Кстати, насчет ртути. Одним из моих скромных достижений этих лет стал обычный ртутный градусник цилиндрической формы, почти рудимент старины в начале XXI века и локальный технологический прорыв в первой четверти XIX века. Прибор тогда уже существовал — почти тридцать сантиметров в длину, время на измерение — двадцать минут, и действовал от дыхания пациента, так что большинство врачей относились к нему со скепсисом. Плюс стихотворение «У меня опять тридцать шесть и пять» не написано, потому как консенсуса по нормальной температуре еще нет.

Градусников изготовили около двадцати штук. И этот прогресс хоть и был принят в штыки тогдашним медицинским сообществом, но не так гневно, как наркоз.
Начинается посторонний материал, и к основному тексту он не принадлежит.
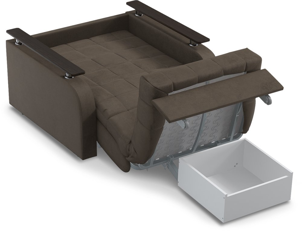 В качестве дополнительной опции к креслу-кровати предлагается бельевой короб, который устанавливается под механизм трансформации.
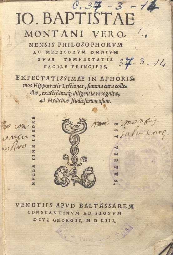 IN APHORISMOS HIPPOCRAT LECTIONES. G.B. MONTANO. 1553-1555

К тому же некоторые критики осторожно просили дать этот странный прибор попользоваться. И «зачитывали», как хорошую книгу. Я не просила вернуть, наоборот, присылала инструкции — например, что делать, если разобьется.

Ну а я волюнтаристски решила: терпеть до 39.0, лишь тогда — сбивать мокрым укутыванием. Осторожно, без сквозняков.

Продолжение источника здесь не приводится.